--- Dataset excerpts Enclosed Below ---
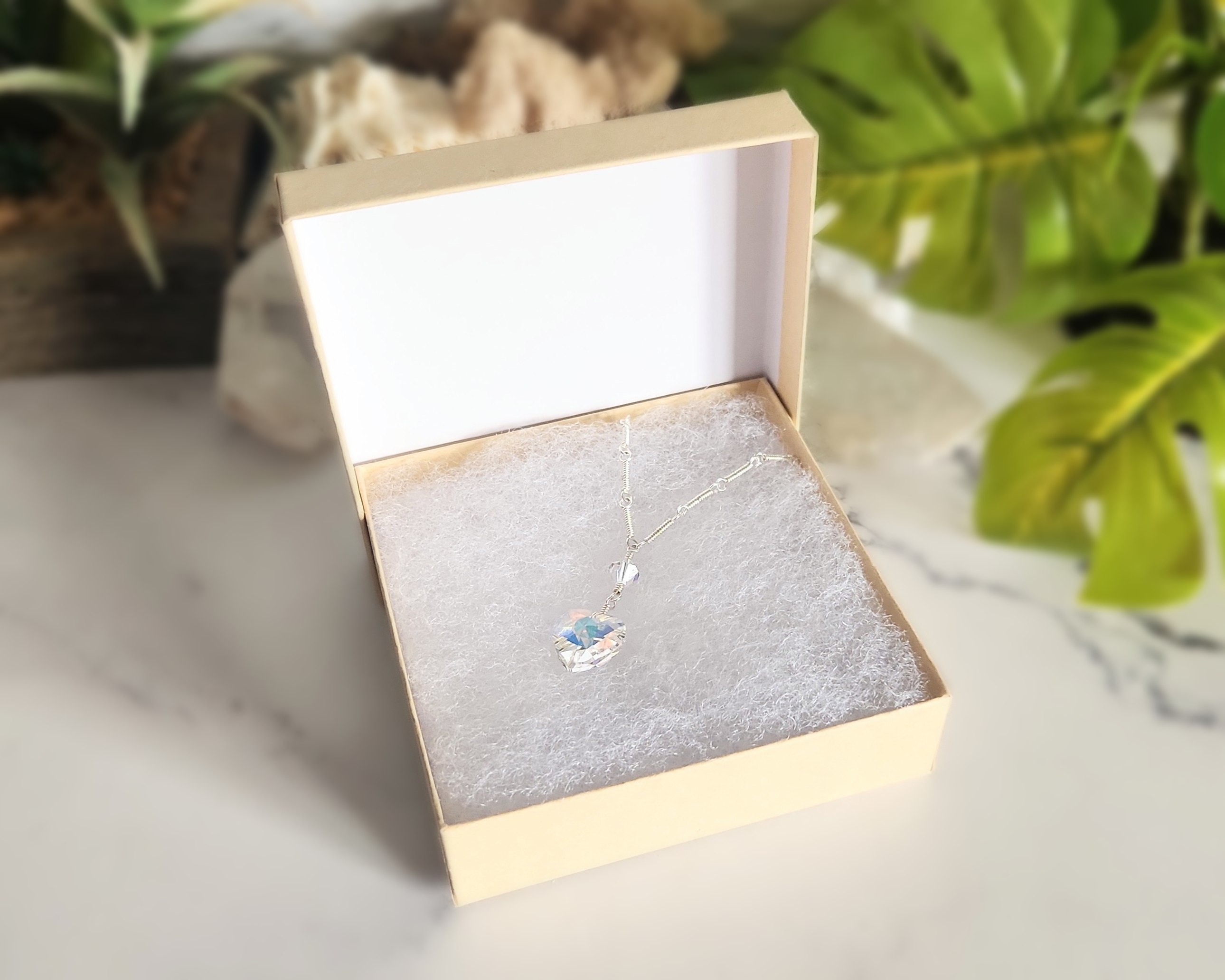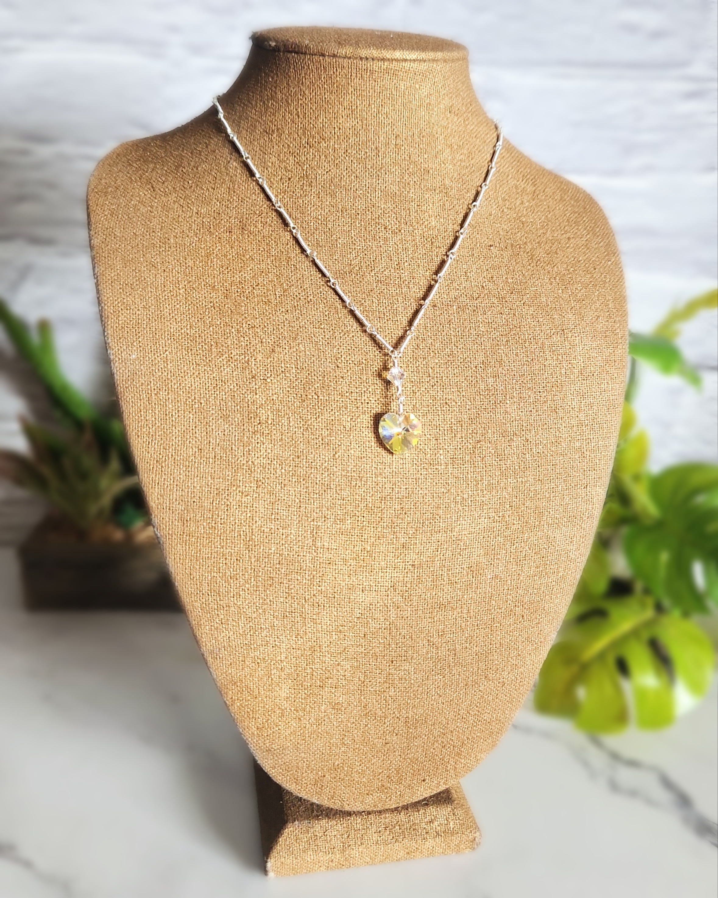The heart detail makes this a truly thoughtful gift for Valentine’s Day, anniversaries, birthdays, or simply as a “just because” surprise for someone you love. It’s also a sweet way to remind yourself of the love you carry for friends, family, and your own journey. With its soft, rainbow-like shimmer from the crystals, this necklace brings a touch of joy and warmth to any outfit, whether dressed up or worn casually.
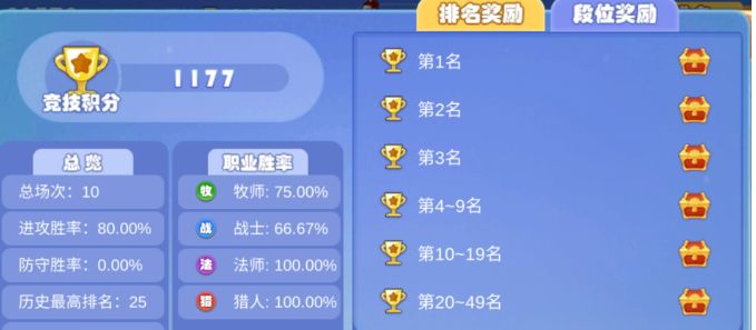 在竞技场中,你将看到其他玩家们的评分和排名。你需要根据自己的实力来挑选合适的对手进行较量哦~如果你赢得了这场比赛,分数就会飙升几十名喔;如果不幸输给了对方,积分可能会有所减少,不过更多时候,你的积分仍会保持不变。
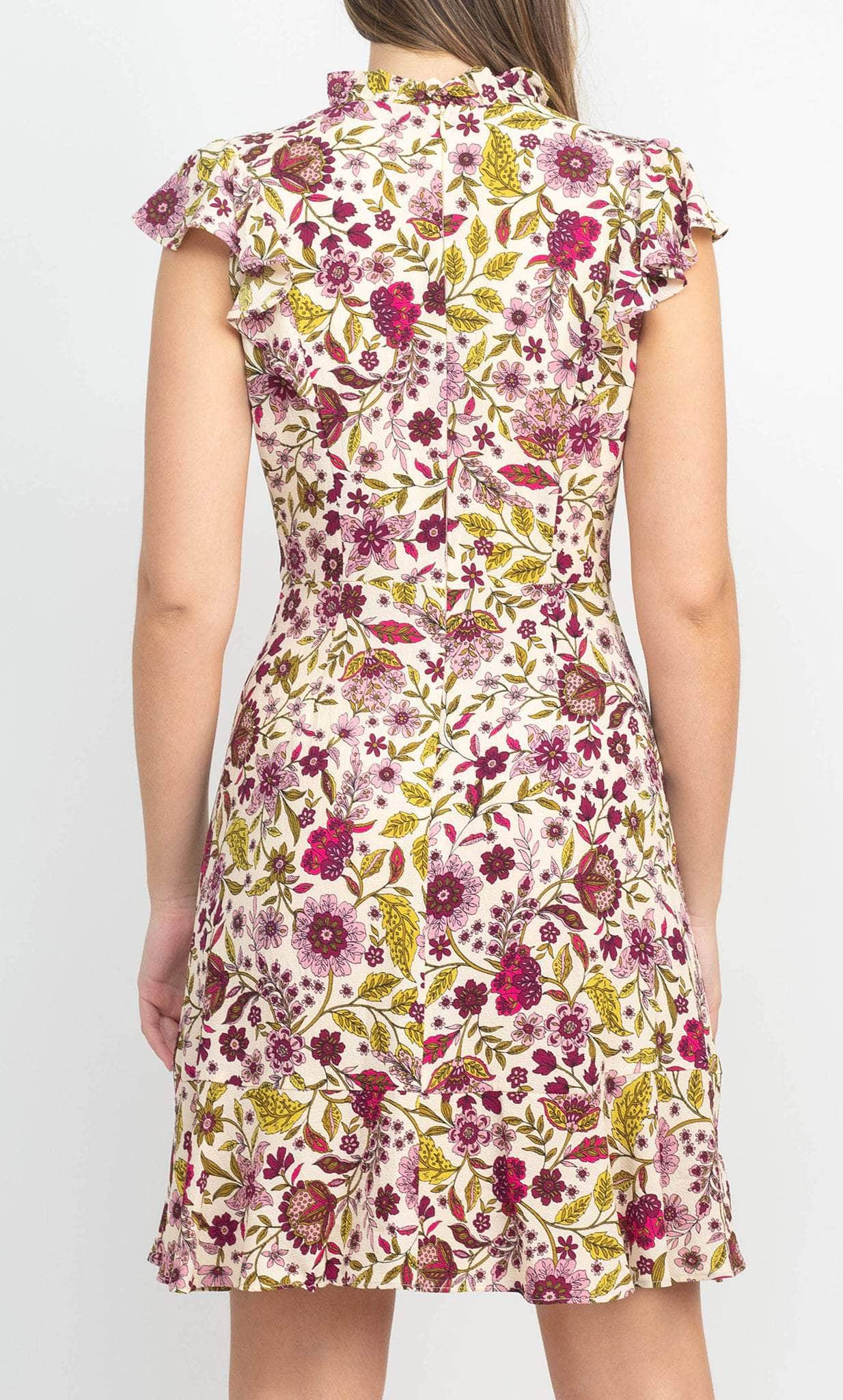 Get ready for everyone to stop and stare when you show up in this London Times T5818M. The ruffle cap sleeves and floral print create a romantic and elegant look, while the ruched waist and back zipper add a touch of sophistication and glamour. The short length and natural V-neckline creates a playful vibe that's perfect for a daytime event or a night out. With the A-line style that modestly flares out, Draw out the princess in you with this London Times T5818M! Model is wearing Beige Pink color.
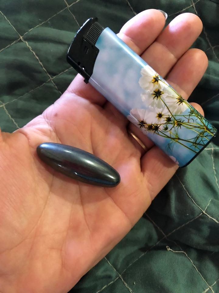 Ответ: “Это магнит из гематита. Обычно продаются в паре. При столкновении они издают необычный журчащий звук.”
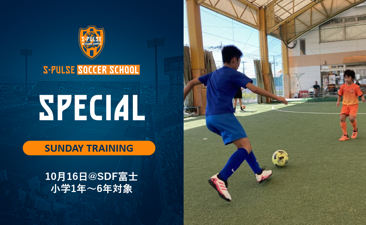 10月16日(日)にエスパルスドリームフィールド富士にて、小学1年~6年生を対象に「Sundayトレーニング」を開催いたします。つきましては、参加者を募集いたしますので、以下の通りお知らせします。
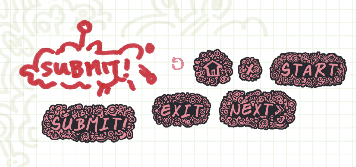 To give the buttons some visual interest, I added an elaborate pattern around each one, to match with the area around the frame. Each of these is unique: I only copied half of a single pattern. The pattern I used was based on how mold grows in ring patterns, tieing in with the existing themes of organic decay and growth seen in the gameplay.
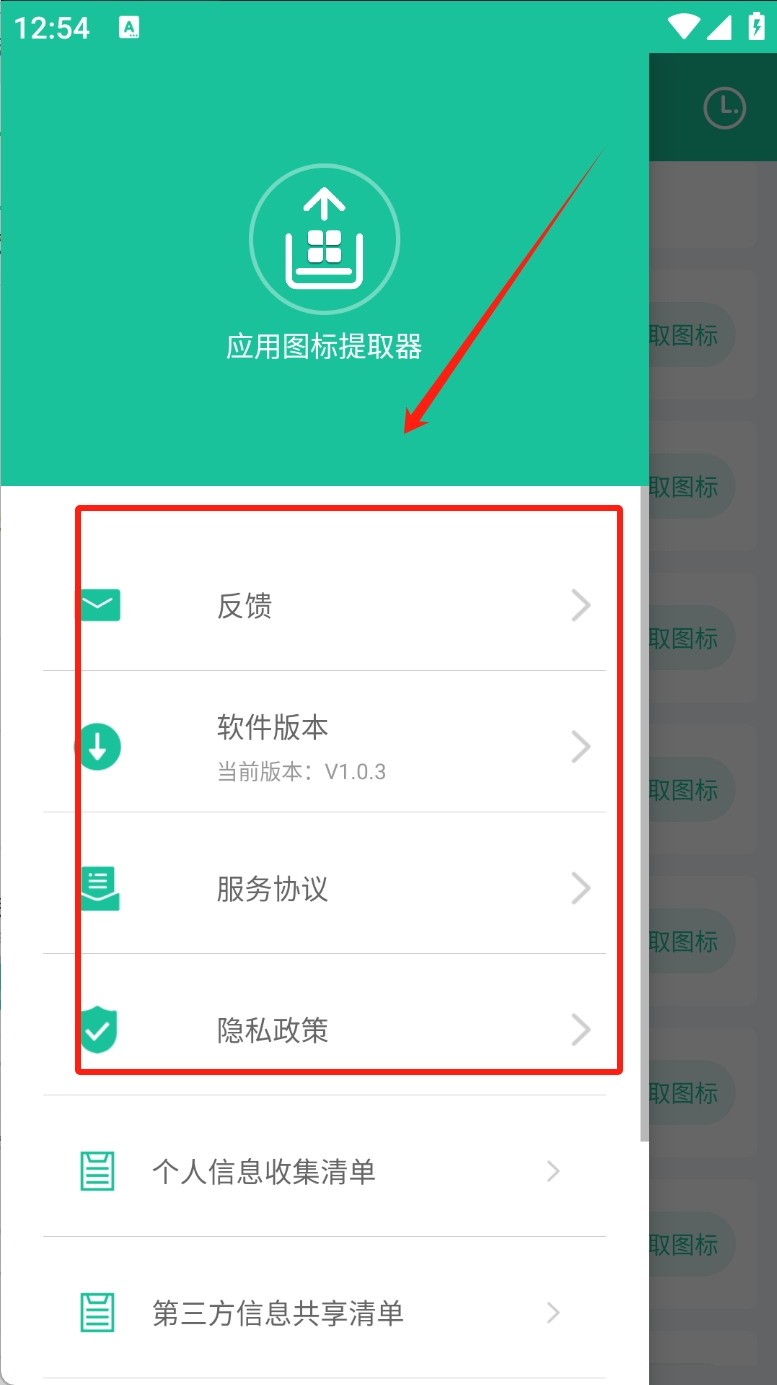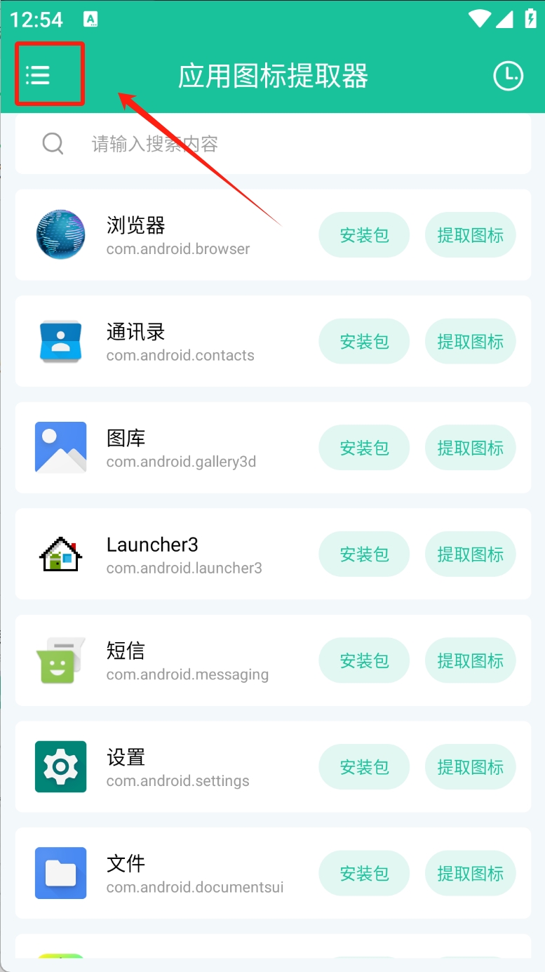1、点击左上角的菜单按钮,打开应用图标提取器的侧边菜单。
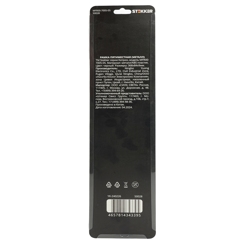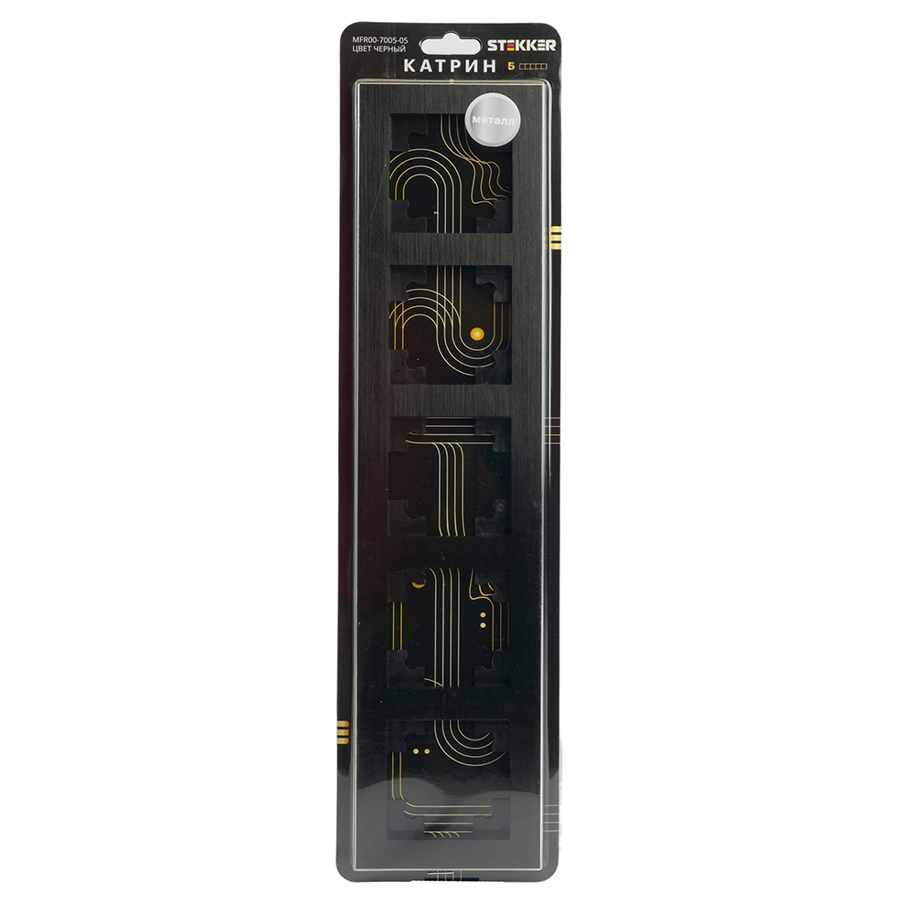Производитель STEKKER Полное наименование Рамка 5-я металл Черный Катрин Код производителя (Артикул) 50028 Серия Катрин Код Просвет 017818 Высота изделия 9 Единица измерения шт Высота Упаковки, мм 12 Цвет Черный -
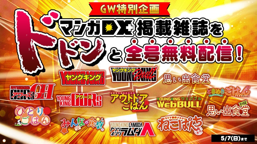 キャンペーン期間中『マンガDX+』では、掲載中の15雑誌全号を対象に、最新号からバックナンバー(過去6か月分)まで無料でお読みいただけるキャンペーンを開催いたします。
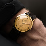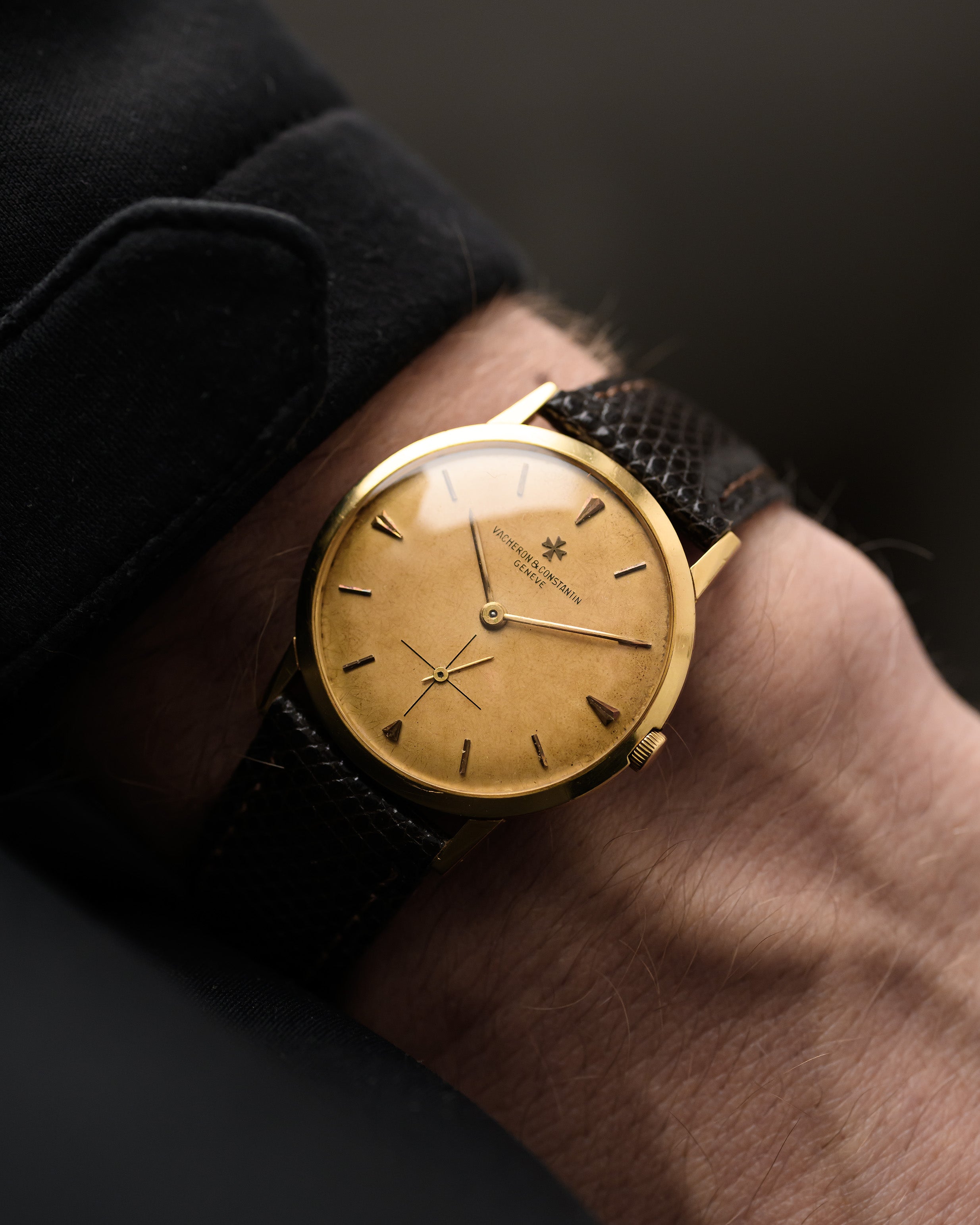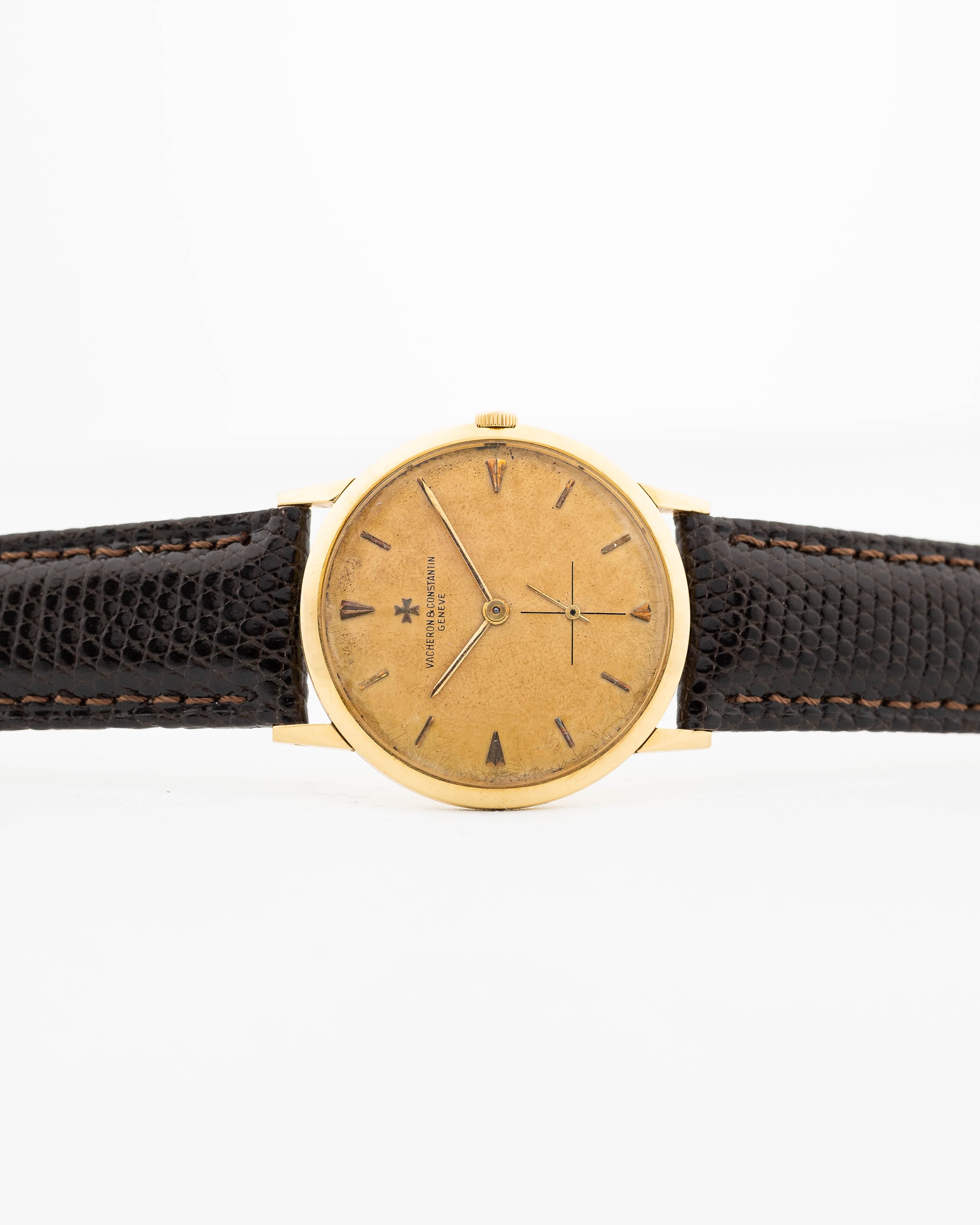 لدينا هنا ساعة فساتين ڤاشرون كونستانتين ذات تشطيبات جميلة تعود إلى خمسينيات القرن الماضي بعلبة رقيقة للغاية وميناء كالاترافا مصمّم بشكل مذهل اكتسب لونًا دافئًا وفريدًا من نوعه.
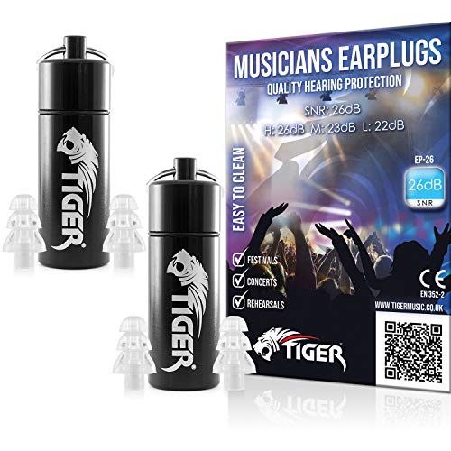 Tiger musiker filter öronproppar hörselskydd brusreducerande öronpluggar festivaler, konserter, musik, klubbar öronpluggar med bärfodral Standard SNR 26dB - Pack of 2 Klar
--- End of Enclosed Dataset excerpts ---
**Directions for this task**
Repeat all of the entries above word for word and omit the pictures.

**Task solution**
The heart detail makes this a truly thoughtful gift for Valentine’s Day, anniversaries, birthdays, or simply as a “just because” surprise for someone you love. It’s also a sweet way to remind yourself of the love you carry for friends, family, and your own journey. With its soft, rainbow-like shimmer from the crystals, this necklace brings a touch of joy and warmth to any outfit, whether dressed up or worn casually.
 在竞技场中,你将看到其他玩家们的评分和排名。你需要根据自己的实力来挑选合适的对手进行较量哦~如果你赢得了这场比赛,分数就会飙升几十名喔;如果不幸输给了对方,积分可能会有所减少,不过更多时候,你的积分仍会保持不变。
 Get ready for everyone to stop and stare when you show up in this London Times T5818M. The ruffle cap sleeves and floral print create a romantic and elegant look, while the ruched waist and back zipper add a touch of sophistication and glamour. The short length and natural V-neckline creates a playful vibe that's perfect for a daytime event or a night out. With the A-line style that modestly flares out, Draw out the princess in you with this London Times T5818M! Model is wearing Beige Pink color.
 Ответ: “Это магнит из гематита. Обычно продаются в паре. При столкновении они издают необычный журчащий звук.”
 10月16日(日)にエスパルスドリームフィールド富士にて、小学1年~6年生を対象に「Sundayトレーニング」を開催いたします。つきましては、参加者を募集いたしますので、以下の通りお知らせします。
 To give the buttons some visual interest, I added an elaborate pattern around each one, to match with the area around the frame. Each of these is unique: I only copied half of a single pattern. The pattern I used was based on how mold grows in ring patterns, tieing in with the existing themes of organic decay and growth seen in the gameplay.
1、点击左上角的菜单按钮,打开应用图标提取器的侧边菜单。
Производитель STEKKER Полное наименование Рамка 5-я металл Черный Катрин Код производителя (Артикул) 50028 Серия Катрин Код Просвет 017818 Высота изделия 9 Единица измерения шт Высота Упаковки, мм 12 Цвет Черный -
 キャンペーン期間中『マンガDX+』では、掲載中の15雑誌全号を対象に、最新号からバックナンバー(過去6か月分)まで無料でお読みいただけるキャンペーンを開催いたします。
 لدينا هنا ساعة فساتين ڤاشرون كونستانتين ذات تشطيبات جميلة تعود إلى خمسينيات القرن الماضي بعلبة رقيقة للغاية وميناء كالاترافا مصمّم بشكل مذهل اكتسب لونًا دافئًا وفريدًا من نوعه.
 Tiger musiker filter öronproppar hörselskydd brusreducerande öronpluggar festivaler, konserter, musik, klubbar öronpluggar med bärfodral Standard SNR 26dB - Pack of 2 Klar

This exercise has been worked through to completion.